Search code examples
apache-flinkflink-streaming

Flink re-scalable keyed stream stateful function


I have the following Flink job where I tried to use keyed-stream stateful function (MapState) with backend type RockDB,

environment
.addSource(consumer).name("MyKafkaSource").uid("kafka-id")
.flatMap(pojoMapper).name("MyMapFunction").uid("map-id")
.keyBy(new MyKeyExtractor())
.map(new MyRichMapFunction()).name("MyRichMapFunction").uid("rich-map-id")
.addSink(sink).name("MyFileSink").uid("sink-id")

MyRichMapFunction is a stateful function which extends RichMapFunction which has following code,

public static class MyRichMapFunction extends RichMapFunction<MyEvent, MyEvent> {
    private transient MapState<String, Boolean> cache;
    @Override
    public void open(Configuration config) {
        MapStateDescriptor<String, Boolean> descriptor =
                new MapStateDescriptor("seen-values", TypeInformation.of(new TypeHint<String>() {}), TypeInformation.of(new TypeHint<Boolean>() {}));
        cache = getRuntimeContext().getMapState(descriptor);
    }
    @Override
    public MyEvent map(MyEvent value) throws Exception {
        if (cache.contains(value.getEventId())) {
            value.setIsSeenAlready(Boolean.TRUE);
            return value;
        }
        value.setIsSeenAlready(Boolean.FALSE);
        cache.put(value.getEventId(), Boolean.TRUE)
        return value;
    }
}

In future, I would like to rescale the parallelism (from 2 to 4), so my question is, how can I achieve re-scalable keyed states so that after changing the parallelism I can get the corresponding cache keyed data to its corresponding task slot. I tried to explore this, where I found a documentation here. According to this, re-scalable operator state can be achieved by using ListCheckPointed interface which provides snapshotState/restoreState method for that. But not sure how re-scalable keyed state (MyRichMapFunction) can be achieved? Should I need to implement ListCheckPointed interface for my MyRichMapFunction class? If yes how can I redistribute the cache according to new parallelism key hash on restoreState method (my MapState will hold huge number of keys with TTL enabled, let's say max it will hold 1 billion keys at any point of time)? Could some one please help me on this or if you point me to any example that would be great too.


Solution

  • The code you've written is already rescalable; Flink's managed keyed state is rescalable by design. Keyed state is rescaled by rebalancing the assignment of keys to instances. (You can think of keyed state as a sharded key/value store. Technically what happens is that consistent hashing is used to map keys to key groups, and each parallel instance is responsible for some of the key groups. Rescaling simply involves redistributing the key groups among the instances.)

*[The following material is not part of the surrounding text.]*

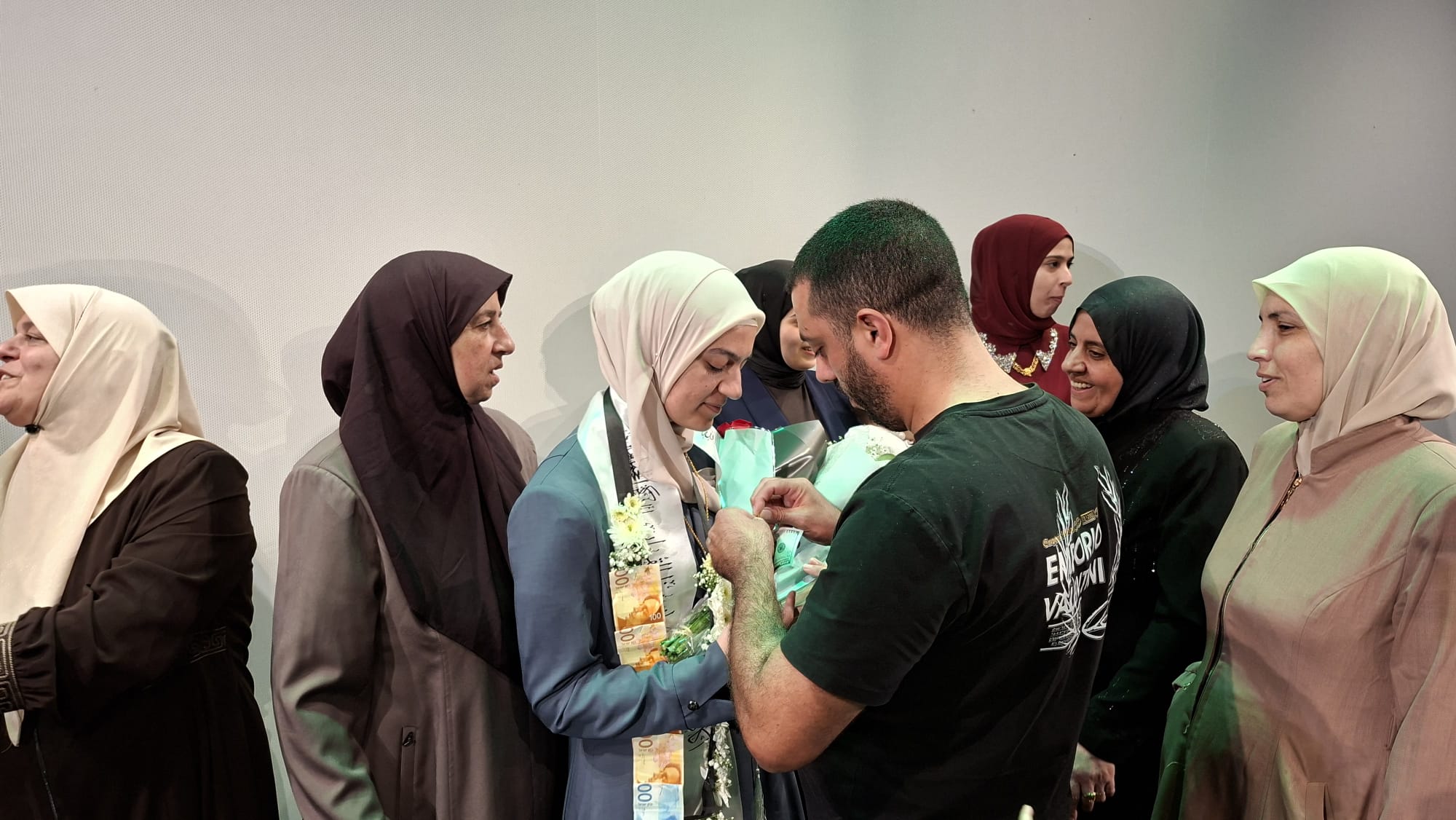 تواصل الحفل بفقرةٍ مهيبةٍ شكّلت ذروة الحدث، وهي فقرة تكريم وتتويج حافظتَيْ القرآن الكريم والطالبتَيْن في كلية الطب العام: الدكتورة آية يحيى جبارين والدكتورة عائشة عبد الجواد محاميد.

    The ListCheckpointed interface is for state used in a non-keyed context, so it's inappropriate for what you are doing. Note also that ListCheckpointed will be deprecated in Flink 1.11 in favor of the more general CheckpointedFunction.

    One more thing: if MyKeyExtractor is keying by value.getEventId(), then you could be using ValueState<Boolean> for your cache, rather than MapState<String, Boolean>. This works because with keyed state there is a separate value of ValueState for every key. You only need to use MapState when you need to store multiple attribute/value pairs for each key in your stream.

    Most of this is discussed in the Flink documentation under Hands-on Training, which includes an example that's very close to what you are doing.